Через несколько минут в дверном проёме показался новый контур. Мирт узнал эти сладко-пряные духи – Нефрона. Он прикрыл срам руками и радостно воскликнул:
– Неф, дорогая моя! Спасибо, что послала за мной своего друга, он был очень учтив… без него я бы не нашёл дорогу…
– Это кто?
Зашуршало платье – Хеда поклонилась.
– Я Хеда Гран из Пиминны, леди. Приехала просить, чтоб вы меня куда-нибудь пристроили, как брата Рема.
– Одному помогла, так что, теперь ко мне вся деревня понаедет?
Тридан, всё ещё голый и в корыте, кожей ощутил ярость, которой вспыхнула Нефрона. Ему стало жаль дочь старейшины.
– Неужто в суде не найдётся работки для человеческой девушки? Убираться хотя бы?
– Я не буду за неё ручаться. И вообще, благотворительность закончилась. Я однажды отдала фонду целый замок, всё, с меня хватит, не думайте, что меня можно доить как ваших коров…
– Хотя бы выслушай её.
– Что мне слушать?

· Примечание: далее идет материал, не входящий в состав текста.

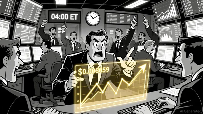 Volatility expanded sharply after 04:00 ET, with the 20-period Bollinger Band width widening by over 30%. Price reached +1σ on the 5-minute chart at $0.006059–$0.006059, suggesting overextended conditions that could trigger a consolidation phase.

Слезливую историю о том, что она тоже нацепила лунник и тот изошёлся смотрскими кляксами? Ну так ты слишком стара для школы, девочка. А я уже огребла проблем, пытаясь перевести твоего брата в школу поближе. Ну так с меня довольно!
Хеда разрыдалась.
– Она беременна, отец выгнал её, – сказал Мирт. – Думаю, как женщина женщину, ты должна её понять…
Он попытался провести внушение, но был сейчас слишком слаб и рассеян от криалина – или Нефрона стала слишком сильна – но на этот раз его манипуляция прошла неудачно.
– Я бы никогда не попала в такую ситуацию, – отрезала Нефрона. – Как ты мог даже сравнить меня с ней? А ты, Хеда, иди к отцу ребёнка и живи с ним.
– Может, вы мне хотя бы скажете, где он живёт? – пролепетала сквозь слёзы та.
– Нам-то это откуда знать. Кто твой хахаль?
– Маг Фарлайт.
В комнате стало невообразимо тихо.
– Ты лжёшь, – выдохнула Нефрона.
– Нет…
Два быстрых, громких шага. Кто-то грубо затряс Мирта за плечо. Нефрона, больше некому.
– Залезь ей в голову! Залезь, чтобы я могла её допросить!
– Я не…
– Делай, что я сказала! – голос Нефроны был таким угрожающим, что разжиженные мозги Мирта наконец зашевелились. – Хеда, ещё раз: кто отец ребёнка?